この答えは、Googleの内部システムが計算でもして出しているのでしょうか? そうではありません。
※どうやら、検索フォームの真下に出てくる
「羽田空港~成田空港の移動方法まとめ【2019年度版】!格安旅行」
から情報をコピーしている模様です。強調スニペットで対応しているのです。
強調スニペットとは何でしょうか?
これまでのGoogleは、ユーザが検索するキーワードに合わせて、その答えが説明されているWebページを1位や2位にランクさせていました。
しかし、それの前に極力Googleの検索結果内で答えを返してしまうのです。これが強調スニペットです。
2 なぜゼロクリックがはじまったのか?
Googleの社員の立場になると「よそのWebサイトにユーザという客を送り出したくない」、そういう心情になっても不思議ではないでしょう。

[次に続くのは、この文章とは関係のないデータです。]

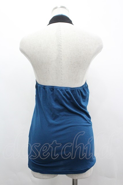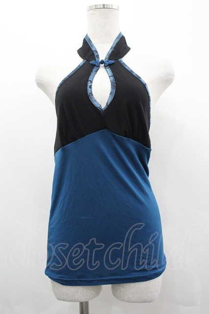 Qutie Frash / シフォン切替チャイナボタンホルターネックトップス 黒X青 I-26-04-24-020-QU-TO-SA-ZI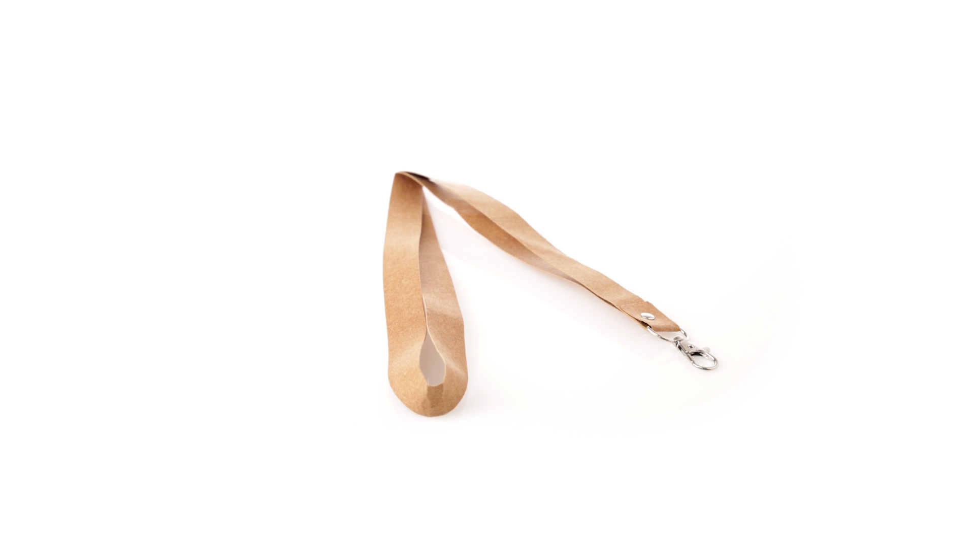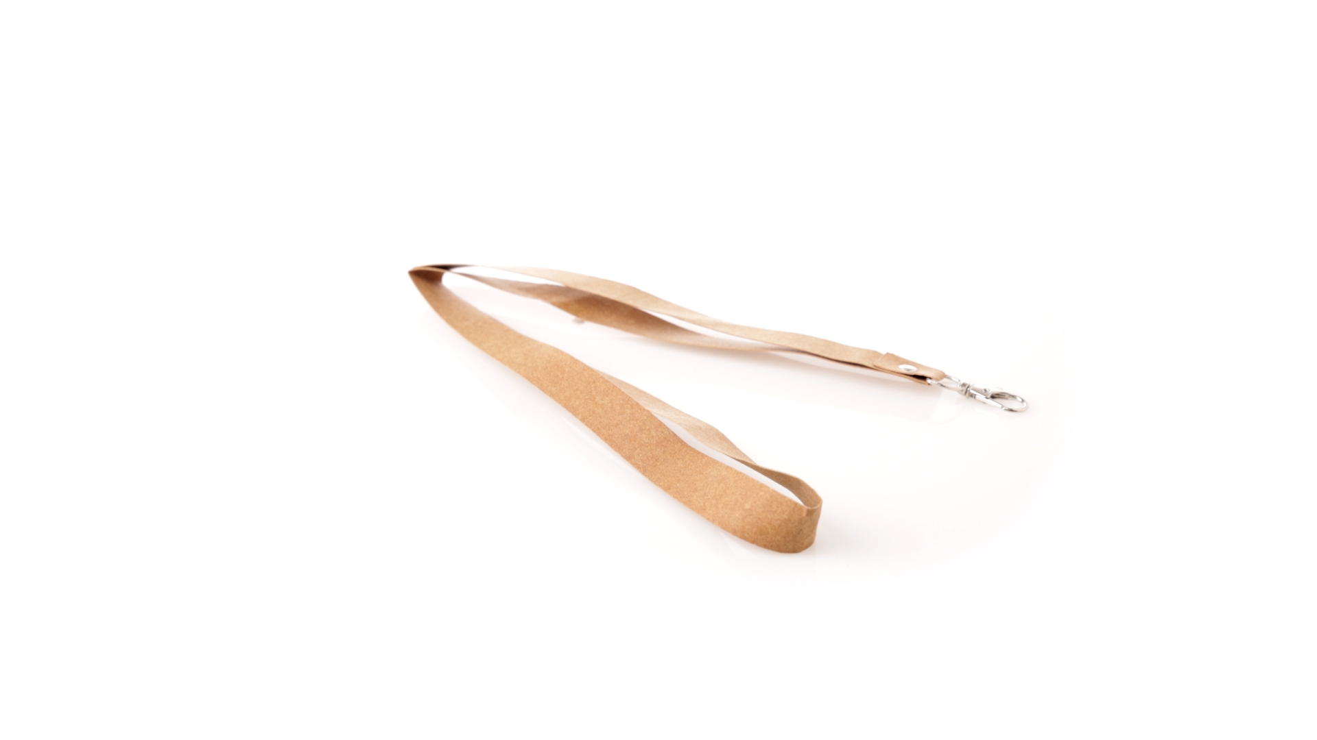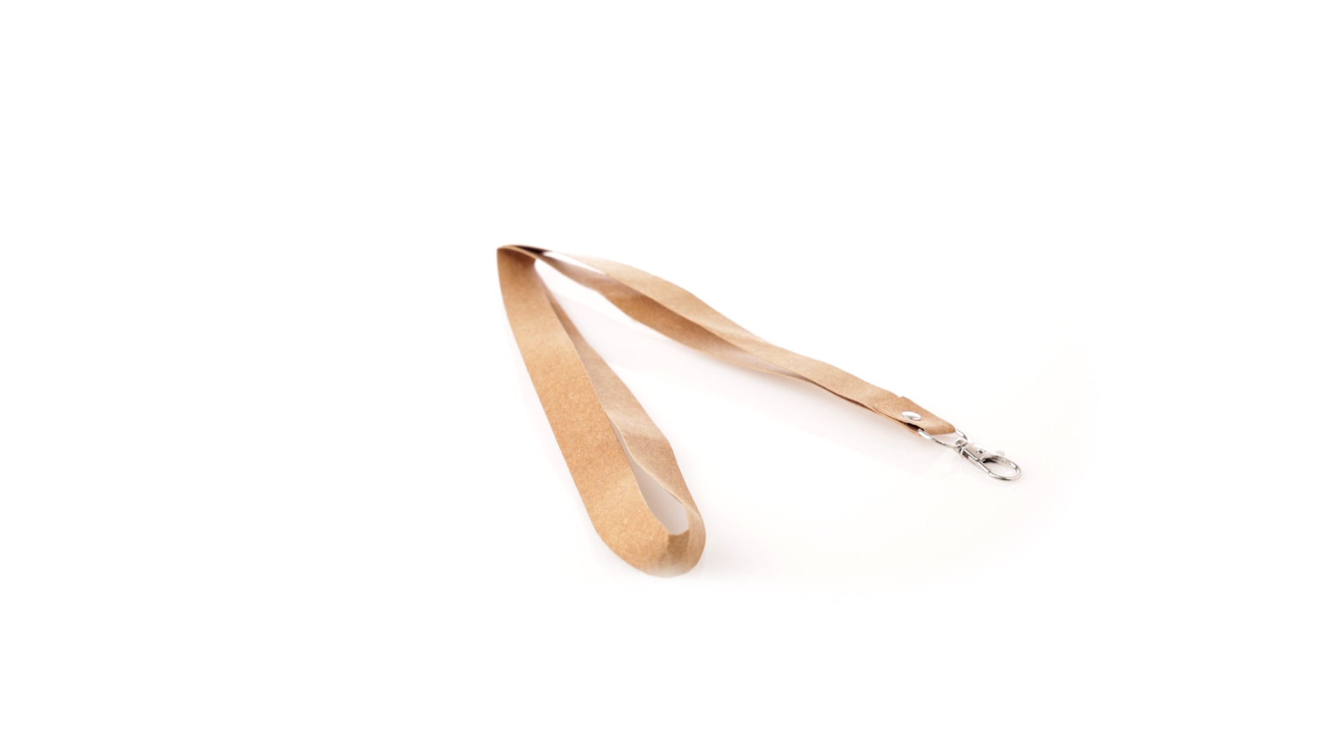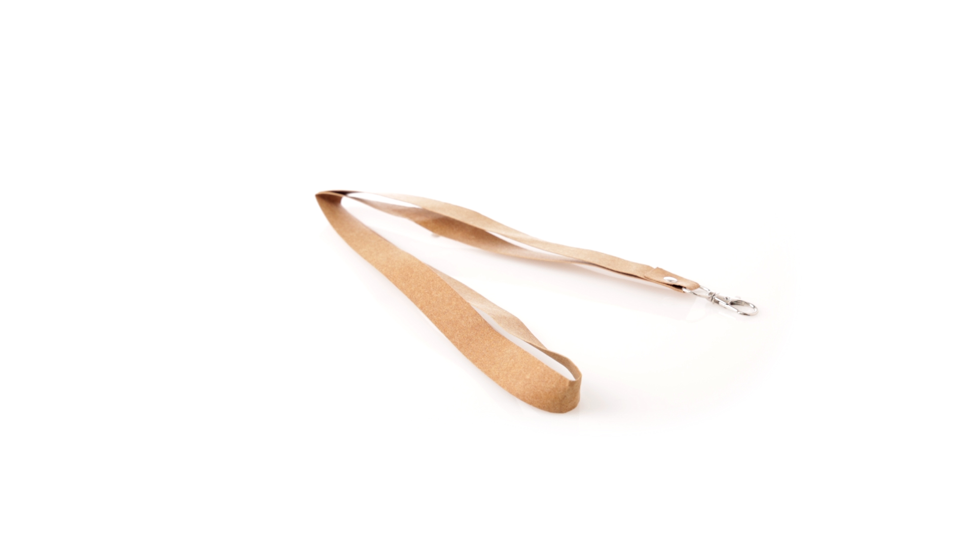 Natur Linie Lanyard aus stabilem Recyclingkarton. Mit drehbarem Metallkarabiner.

Googleの社員だって毎日あくせく仕事しています。それなのに、ユーザに自社のサービス(Googleの検索エンジン)を無料で使わせておきながら、そのユーザをそのまま他社のサイトに送り出してしまうのでは、何か釈然としないでしょう。
単純な質問・疑問に対する回答なら、
・Google自身で答えを出して情報提供する
・Googleから見ていちばん信頼できる他社(≒検索結果1位の会社のサイト)の答えをコピーして提供してしまう
~の、どちらかを実行したほうが、Googleのエンジン滞在時間が自然と延びることになります。それをGoogleは望んでいる模様です。
どこの会社も、ユーザが自社サイト内に滞在する時間を延ばそうとしています。Googleだって人の子ですから、同じことを希望するようになっても驚きではないでしょう。Googleを責めるわけにはいかないでしょう。
ちなみに、Googleと同様にYahoo!もやっているのです(といっても、完全に同じことばかりではありませんが)。
「エルメス 財布」で検索すると、Yahoo!ショッピングのページが出てきますし、ソフトバンクグループがやっているPayPayの情報が多めに出てきます。もちろんYahoo!知恵袋だって出てきます。
Yahoo!もYahoo!で、自社のプラットフォーム内でユーザが求める情報を完結させたい、そういう思惑があるのです。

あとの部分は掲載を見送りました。